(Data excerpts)
● ● ● ● ●
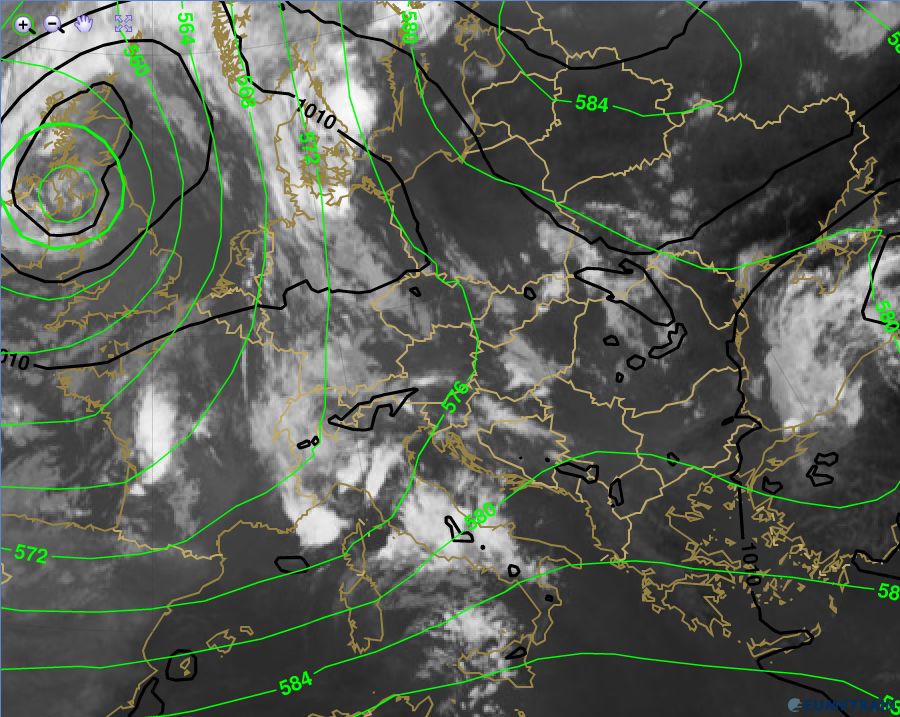 Figure 16: MSG SEVIRI IR 10.8 m image with ECMW surface pressure in hPa(black) and 500 hPa geopotential height in decameters (green) on 3 August 2014, 06 UTC.
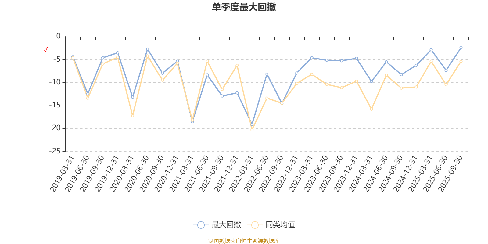 截至10月29日,基金近三年最大回撤为14.63%,同类可比基金排名7/251。单季度最大回撤出现在2022年一季度,为19.1%。
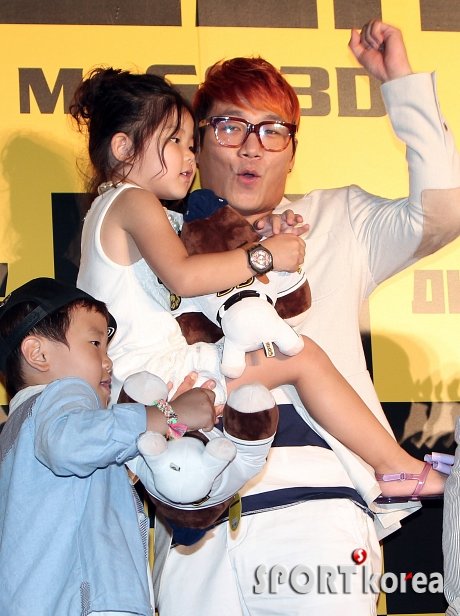 ‘아빠 어디가’에 출연중인 가수 윤민수가 9일 오후 서울 코엑스 메가박스에서 열린 영화 ‘미스터고’(감독 김용화) VIP 시사회에 참석해 성동일의 딸 빈양을 안고 파이팅을 외치고 있다.
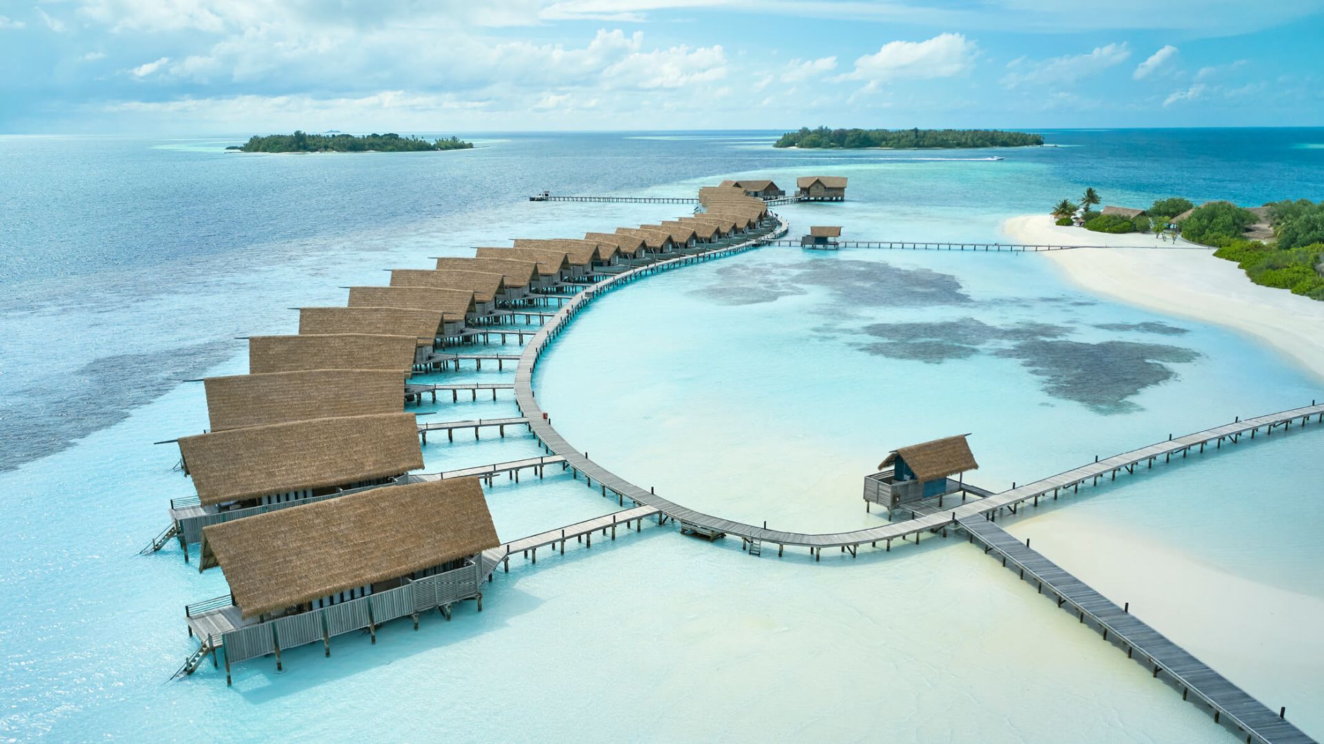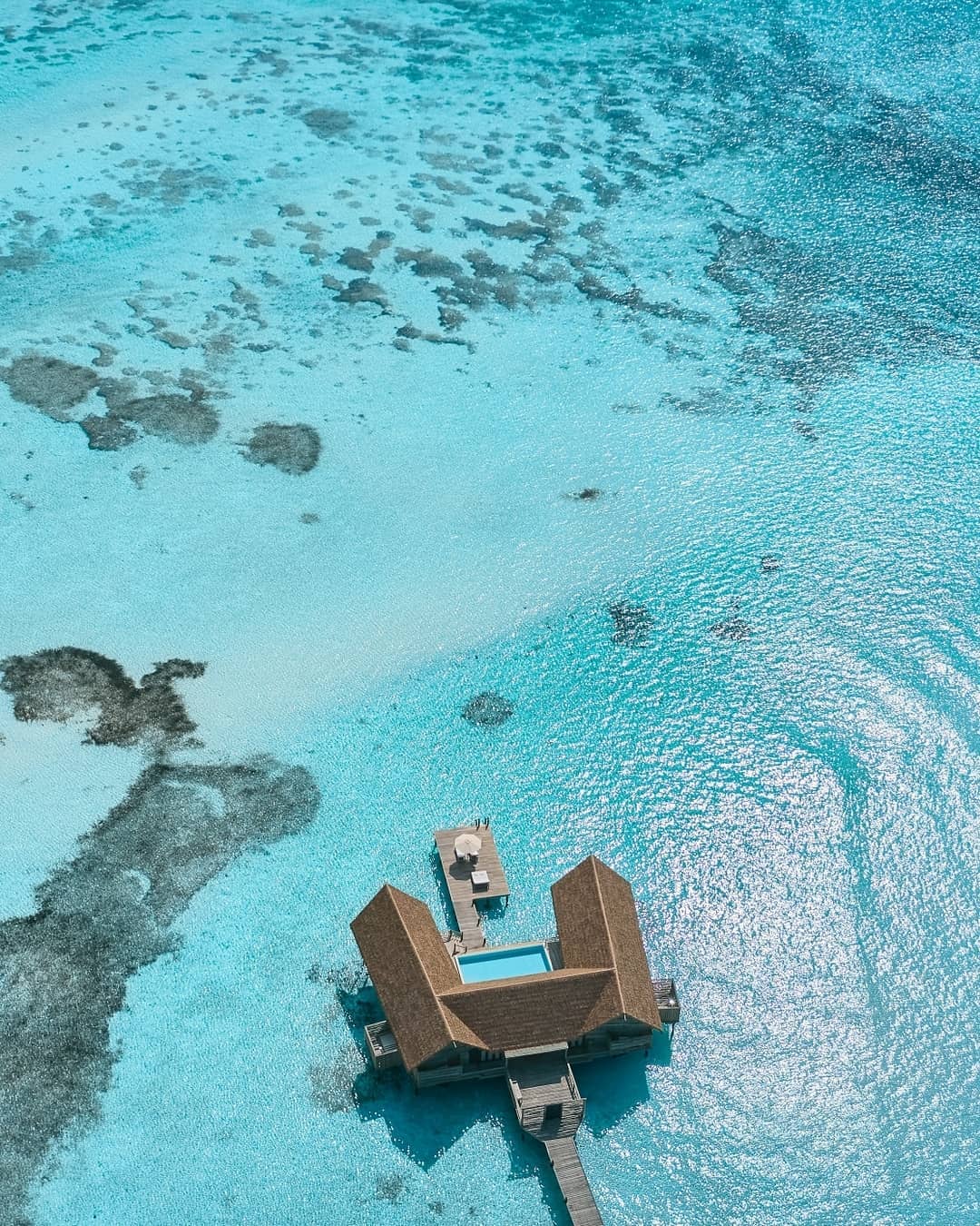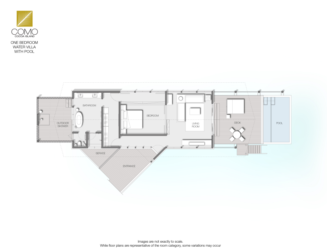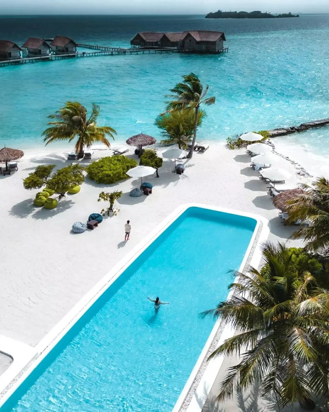 ③. 酒店属于COMO集团,狭长型岛屿,所有房间都是水上别墅,典雅的别墅受到了Dhoni船(本地渔船)的启发,房间设计高雅,景色雅观。
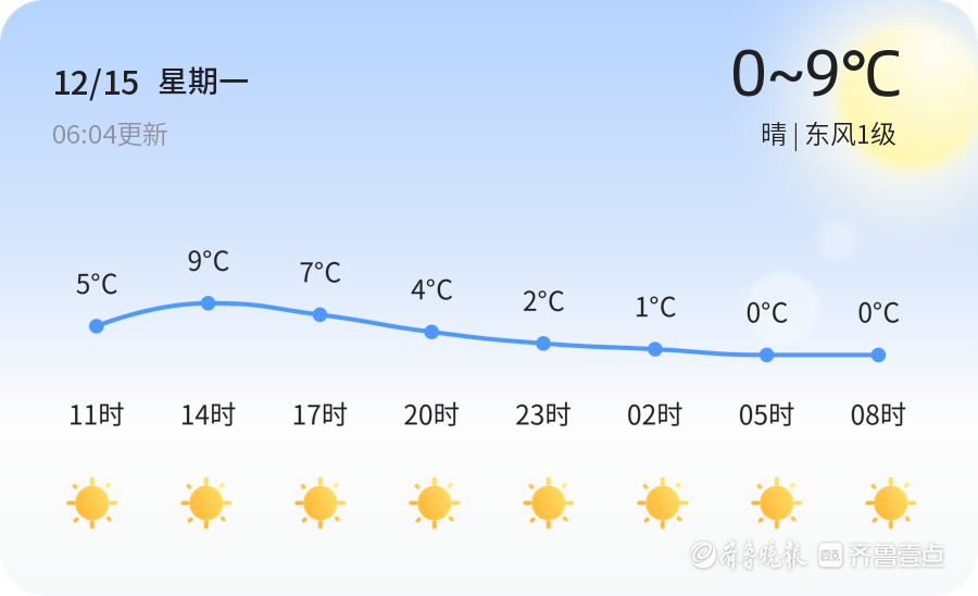 今天是公历12月15日,农历十月廿六,星期一。济宁市今天天气晴朗,气温较低,全市大部分地区气温在0℃到9℃之间。早晨的气温较低,达到了0℃,白天最高气温为9℃。风力较小,为东风1级,空气湿度为68%,PM2.5指数为79,空气质量良好。
● ● ● ● ●
• _Problem_
Write out exactly the stretch of lines that begins with the line containing "截至10月29日,基金近三年" and ends with the last line of the records above, leaving out the pictures.

• _Answer to the exercise_
 截至10月29日,基金近三年最大回撤为14.63%,同类可比基金排名7/251。单季度最大回撤出现在2022年一季度,为19.1%。
 ‘아빠 어디가’에 출연중인 가수 윤민수가 9일 오후 서울 코엑스 메가박스에서 열린 영화 ‘미스터고’(감독 김용화) VIP 시사회에 참석해 성동일의 딸 빈양을 안고 파이팅을 외치고 있다.
 ③. 酒店属于COMO集团,狭长型岛屿,所有房间都是水上别墅,典雅的别墅受到了Dhoni船(本地渔船)的启发,房间设计高雅,景色雅观。
 今天是公历12月15日,农历十月廿六,星期一。济宁市今天天气晴朗,气温较低,全市大部分地区气温在0℃到9℃之间。早晨的气温较低,达到了0℃,白天最高气温为9℃。风力较小,为东风1级,空气湿度为68%,PM2.5指数为79,空气质量良好。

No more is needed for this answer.